European stock markets closed with mixed results yesterday after British Prime Minister David Cameron announced plans for a referendum on his country’s future within the European Union (EU), and official data revealed a deepening of Spain’s recession.
London’s FTSE 100 index of leading companies added 0.3% to 6,197.64 points and Frankfurt’s DAX 30 gained 0.15% to 7,704.54 points, but in Paris the CAC 40 shed 0.4% to 3,726.17 points.
Madrid’s Ibex 35 fell by 0.22% to 8,613.3 points.
In foreign exchange trades, the European single currency dipped to $1.3297 from $1.3321 late on Tuesday in New York. Sterling climbed against the euro after the release of upbeat British unemployment figures, dealers said.
On the London Bullion Market, gold prices nudged lower to $1,690.25 an ounce from $1,690.50.
“Europe’s markets have shrugged off the political noise from this morning’s speech by David Cameron on an in-out referendum on EU membership,” commented Michael Hewson, Senior Market Analyst at CMC Markets UK.
Cameron promised to give the British people the choice of staying in or leaving the EU if his party wins the next general election.
Cameron said he wanted to first renegotiate the terms of Britain’s membership because “public disillusionment with the EU is at an all-time high.”
The British leader said that the EU was grappling with the eurozone, “a crisis of European competitiveness” and the gap between the EU and its citizens had “grown dramatically in recent years.”
He added: “If we don’t address these challenges, the danger is that Europe will fail and the British people will drift towards the exit.”
The Bank of Spain said meanwhile that Spain’s economy took its steepest dive in more than three years in the final quarter of 2012 as high unemployment and biting austerity measures slashed demand.
Available data pointed to gross domestic product plunging by 0.6% on a quarterly basis in the final three months of last year for the indebted eurozone country, after a 0.3% dip the previous quarter, it said.
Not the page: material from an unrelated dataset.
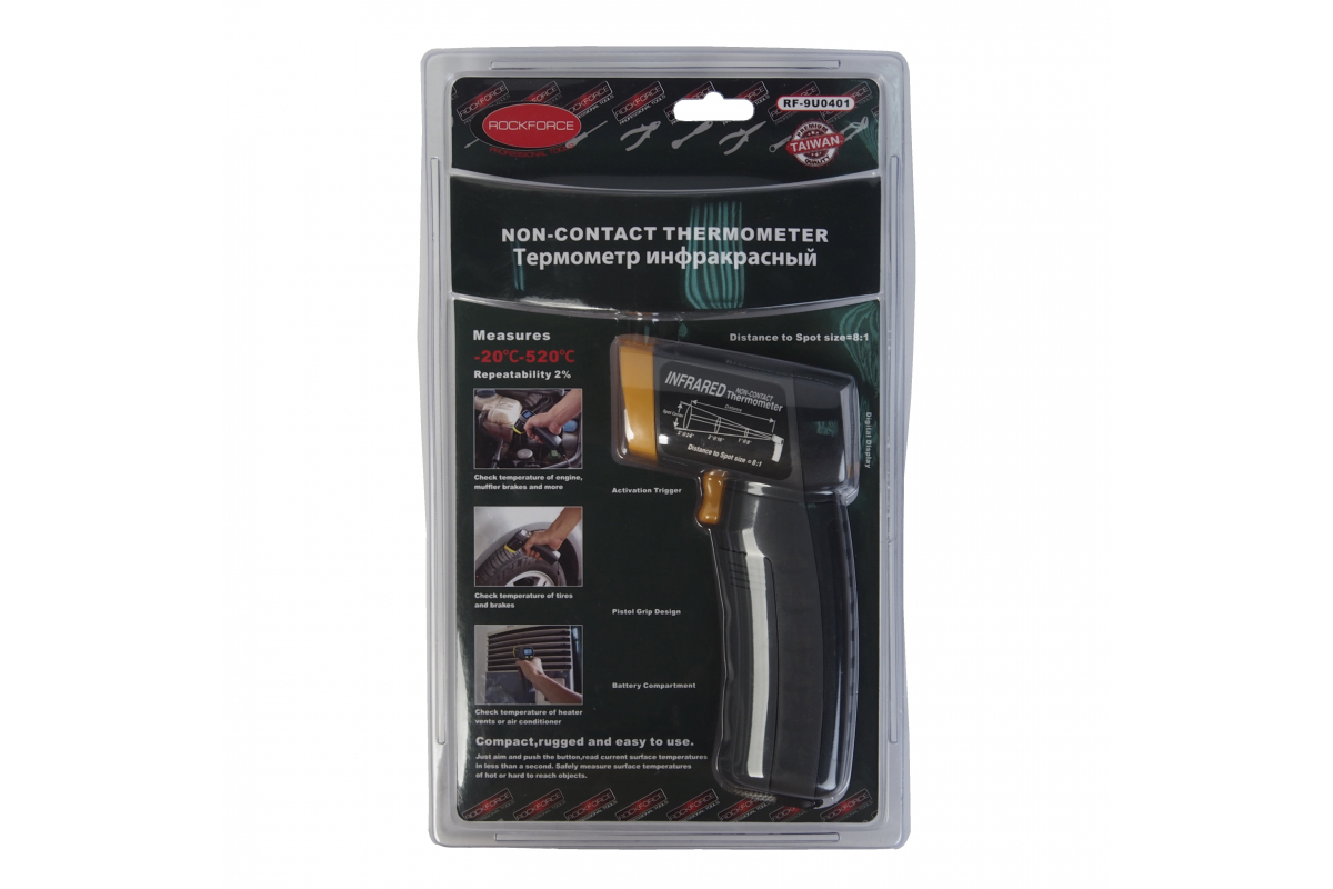 Инфракрасный термометр ROCKFORCE RF-9U0401 имеет пистолетную форму для максимального удобства в применении.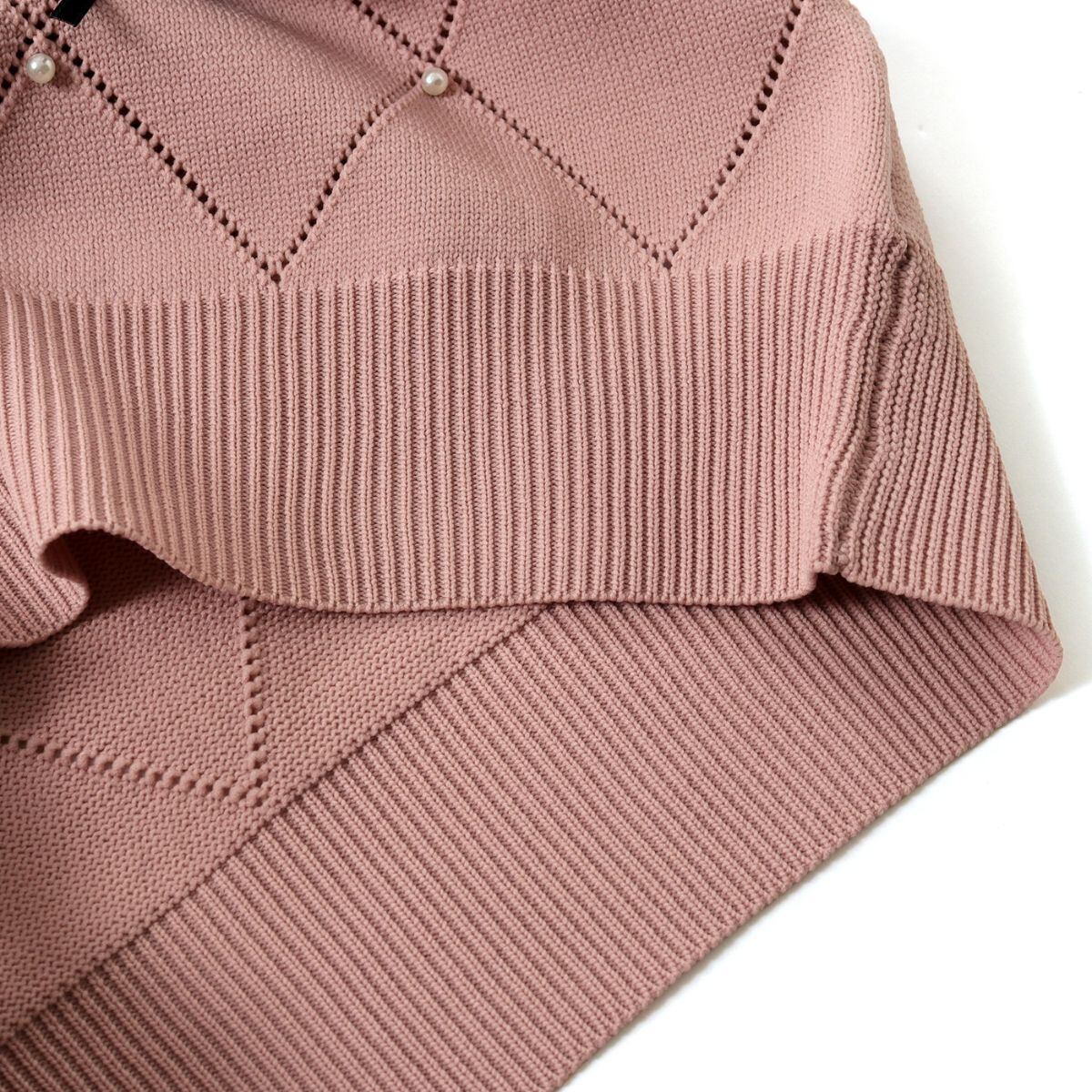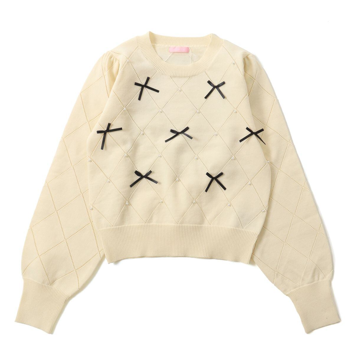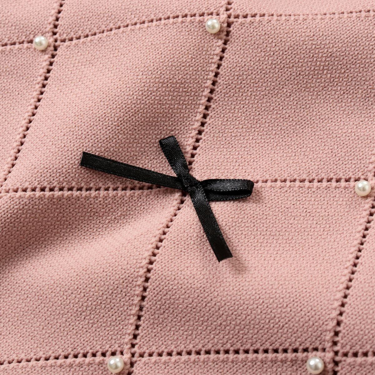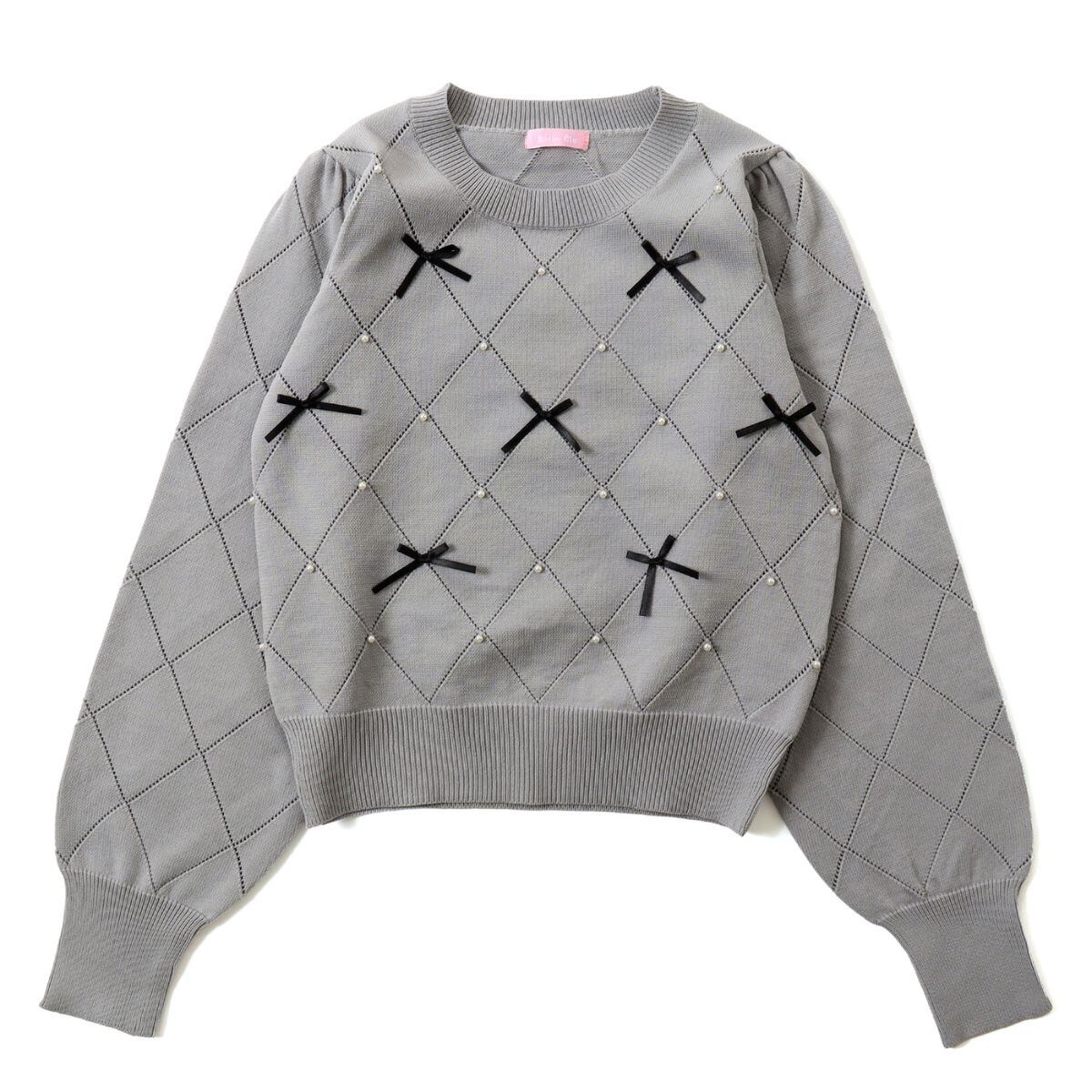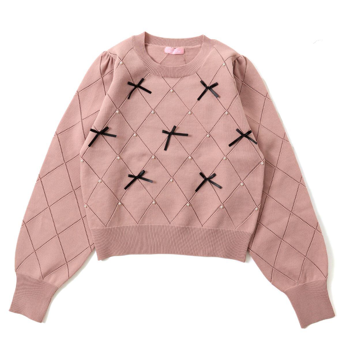 リボン ニット トップス セーター レディース 透かし編み ダイヤ パール フェミニン 韓国ファッシ

That marked the sharpest quarterly fall of Spanish economic output since the second quarter of 2009 when the country, which has the eurozone’s fourth-biggest economy, was reeling from a massive property crash.
“European investors are currently holding back from building risk, in wait for more corporate earnings and US lawmakers kicking the can down the road by voting on a three-month extension on raising the debt ceiling,” said Ishaq Siddiqi, market strategist at ETX Capital trading group.
On the corporate front, shares in Unilever jumped 3.1% to 2,526 pence after the Anglo-Dutch food and cosmetics giant reported annual net profits up 5% to €4.48bn.
In Frankfurt, Siemens ended the day flat at €83.13, having spent most of the day down, after the German engineering giant said earnings and orders fell in the first quarter, but it was hoping a shake-up of its businesses would enable it to meet full-year targets.
BHP Billiton grew 1.4% to 2,110 pence after the global mining giant said its iron ore production in resource-rich Western Australia saw another record in the six months to December, while petroleum output was on track.